The main aim of this project is to web scrape the 'https://www.nhlbi.nih.gov/health', get the condition names, condition information, the symptoms and diagnosis, and to also convert the scraped information to a csv dataset.  

In [None]:
#Importing the necessary libraries

import pandas as pd
import requests
from bs4 import BeautifulSoup

In [None]:
#The Url of the desired website to scrape

url = 'https://www.nhlbi.nih.gov/health?page='
reponse = requests.get(url)
soup = BeautifulSoup(reponse.text, 'html.parser')

In [None]:
print(f'{reponse.status_code}, Access granted successfully')

200, Access granted successfully


In [None]:
#To scrape topic name
health_topics = []

#Fecthing all page html from 0 to 12.
for page in range(13):
    page_url = url + str(page)
    res = requests.get(page_url)
    page_soup = BeautifulSoup(res.text, 'html.parser')

    #To Scrape All Topics
    for name in page_soup.find_all('h4', class_="field field--name-title field--type-string field--label-hidden field__item"):

        name_topic = name.get_text(strip=True)

        health_topics.append(name_topic)


In [None]:
health_topics

['Acute Respiratory Distress Syndrome',
 'Alpha-1 Antitrypsin Deficiency',
 'Anemia',
 'Angina (Chest Pain)',
 'Antiphospholipid Syndrome (APS)',
 'Aortic Aneurysm',
 'Aplastic Anemia',
 'Arrhythmias',
 'Asthma',
 'Atherosclerosis',
 'Atrial Fibrillation',
 'Bleeding Disorders',
 'Blood Cholesterol',
 'Blood Clotting Disorders',
 'Blood Tests',
 'Bronchiectasis',
 'Bronchitis',
 'Bronchopulmonary Dysplasia (BPD)',
 'Cardiac Arrest',
 'Cardiac Catheterization',
 'Cardiogenic Shock',
 'Cardiomyopathy',
 'Childhood Interstitial Lung Disease',
 'Circadian Rhythm Disorders',
 'Clinical Trials',
 'Conduction Disorders',
 'Congenital Heart Defects',
 'COPD',
 'Coronary Artery Bypass Grafting',
 'Coronary Heart Disease',
 'CPAP',
 'Cystic Fibrosis',
 'Defibrillators',
 'Disseminated Intravascular Coagulation (DIC)',
 'Genetic Therapies',
 'Heart Attack',
 'Heart Failure',
 'Heart Inflammation',
 'Heart Surgery',
 'Heart Tests',
 'Heart Treatments',
 'Heart Valve Diseases',
 'Heart-Healthy Livi

In [None]:
#Checking the length

len(health_topics)

102

In [None]:
topic_link = []
symptom_link=[]
symptoms = []

#Fecthing all page html from 0 to 12.
for page in range(13):
    page_url = url + str(page)
    res = requests.get(page_url)
    page_soup = BeautifulSoup(res.text, 'html.parser')

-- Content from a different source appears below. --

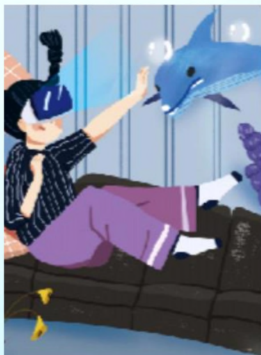
第三單元 重要的新興科技
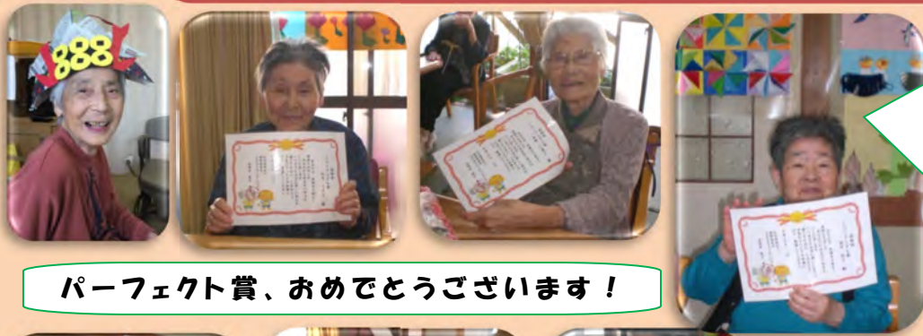
パーフェクト賞、おめでとうございます！

貯筋通帳、皆さんつけていますか〜？第2回の表彰式です。次は5月末で集計しますので付け忘れないか確認されて下さいね☆

    #To scrape all topic links
    for link in page_soup.find_all('a', class_="title-link", href=True):
        health_link = 'https://www.nhlbi.nih.gov'+ link['href']
        topic_link.append(health_link)

#Remove Duplicates from the topic_link to stop infinte loading.
topic_link = list(dict.fromkeys(topic_link))

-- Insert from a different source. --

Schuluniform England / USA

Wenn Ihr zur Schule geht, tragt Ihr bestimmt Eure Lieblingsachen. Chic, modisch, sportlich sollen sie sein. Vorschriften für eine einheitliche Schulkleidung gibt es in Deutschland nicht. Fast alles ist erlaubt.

#To scrape all symptom links
for s_link in topic_link:
    s_link_s = s_link + str('/symptoms')
    symptom_link.append(s_link_s)

#To Scrape All Symptoms Content
for sys in symptom_link:
        print('Scraping content:', sys)
        sys_res = requests.get(sys)
        sys_soup = BeautifulSoup(sys_res.text,'html.parser')

        # Locate all content divs with the specific class
        content_div = sys_soup.find_all('div', class_="field field--name-field-component-section-content field--type-text-long field--label-hidden clearfix field__item")

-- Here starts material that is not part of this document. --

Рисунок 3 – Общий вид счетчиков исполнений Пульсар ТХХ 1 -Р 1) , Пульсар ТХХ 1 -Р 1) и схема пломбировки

        # Initialize content dictionary for each topic
        content = {
            "Symptoms":'N/A',
            'Common Symptoms':'N/A',
            'Other Symptoms':'N/A',
        }

        # Map content divs to sections based on their availability
        if len(content_div) > 0:
            content["Symptoms"] = content_div[0].get_text(strip=True, separator="\n")
        if len(content_div) > 1:
            content['Common Symptoms'] = content_div[1].get_text(strip=True, separator="\n")
        if len(content_div) > 2:
            content['Other Symptoms'] = content_div[2].get_text(strip=True, separator="\n")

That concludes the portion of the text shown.